# WHAT YOU ARE ASKED TO DO
Among the entries below, which lines run from the line with "2025年12月18日(水)" through the line with "2月26日,国家版权局公布2"? Retype those, both ends included, exactly and without pictures.
··· EXERCISE INPUT ···
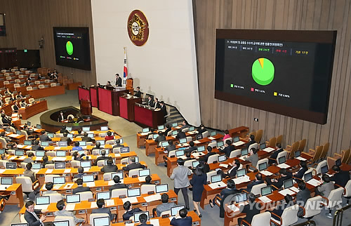 | △ 지난 3일 국회 본회의에서 '김영란법'으로 불리는 부정청탁·금품수수금지법 제정안이 통과되고 있다. 제정안은 재석 의원 247명 가운데 찬성 226명, 반대 4명, 기권 17명으로 가결됐다. |
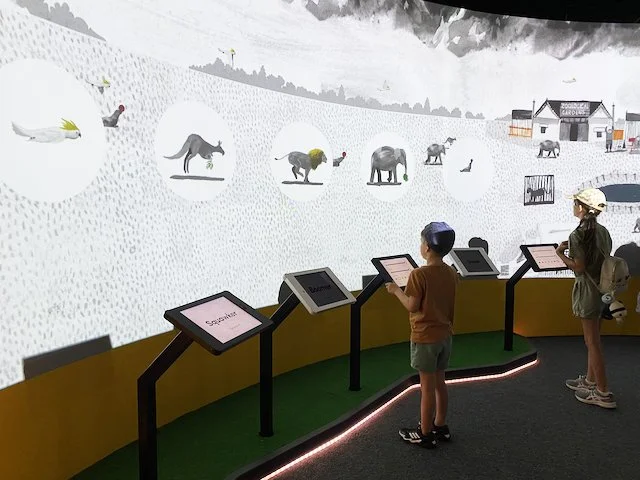 As soon as we entered the exhibition, the kids started creating their version of the Zoo animals by choosing the type of animal, choosing their size, their speed and colour features. Once created, they watched the animals walk, run, flop and fly through the beautifully illustrated streets of Sydney shown on screen. Kids can choose either a cockatoo, kangaroo with baby joey, a lion, elephant and seal.
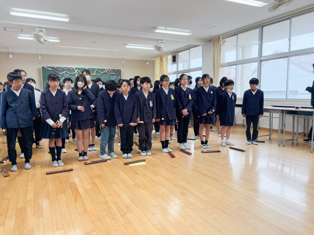 2025年12月18日(水)に、津山市立高野小学校の全校児童が集めた約14kgの文房具を贈呈していただく贈呈式が同小学校でおこなわれました。5年生の児童が自分たちで贈呈式を進行し、歌や演奏も披露してくれ、感動的な式典となりました。
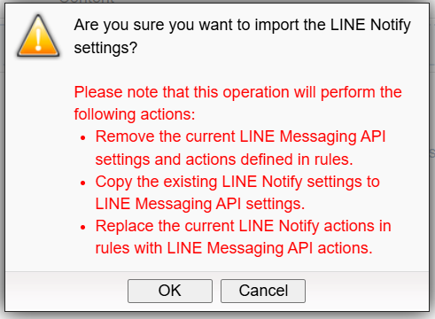 - Do not click import repeatedly, as this may delete logical actions that have already been converted to LINE Messaging API.
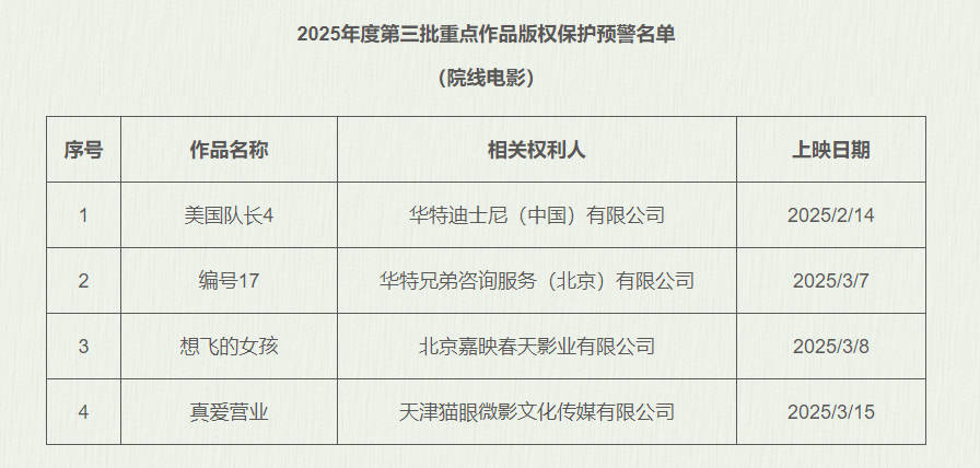 2月26日,国家版权局公布2025年度第三批重点作品版权保护预警名单(院线电影)。
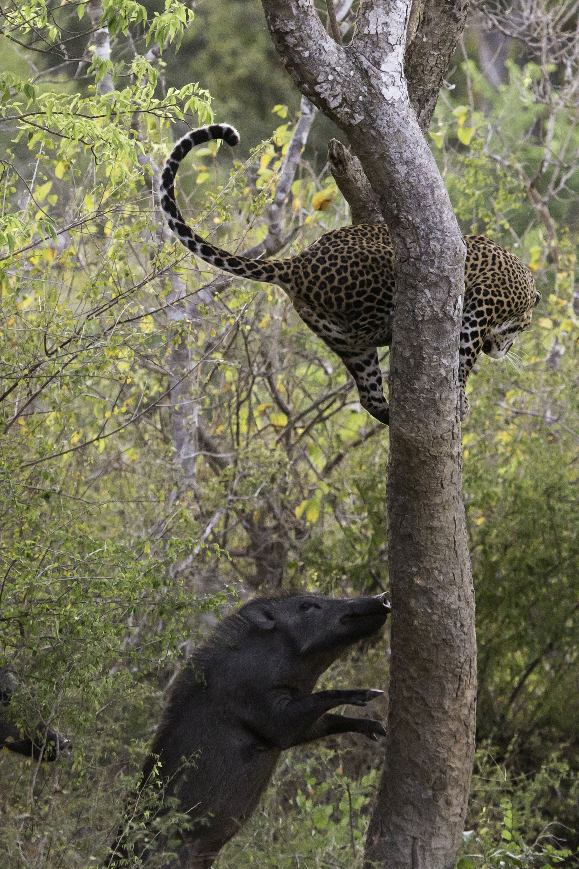 斯里兰卡Yala国家公园,这张令人惊叹的照片展示了一个捕猎者和猎物者身份的置换,一头野猪将一头受到惊吓的猎豹追到了树上。这头猎豹在去往水坑的路上,遇到一只正在觅食的野猪,野猪直接进入了攻击模式,向猎豹冲去。猎豹迅速跑离,愤怒的野猪在后面穷追不舍,猎豹跳到了树上才最终躲过了野猪的獠牙。
···
# OUTPUT FOR THIS TASK
 2025年12月18日(水)に、津山市立高野小学校の全校児童が集めた約14kgの文房具を贈呈していただく贈呈式が同小学校でおこなわれました。5年生の児童が自分たちで贈呈式を進行し、歌や演奏も披露してくれ、感動的な式典となりました。
 - Do not click import repeatedly, as this may delete logical actions that have already been converted to LINE Messaging API.
 2月26日,国家版权局公布2025年度第三批重点作品版权保护预警名单(院线电影)。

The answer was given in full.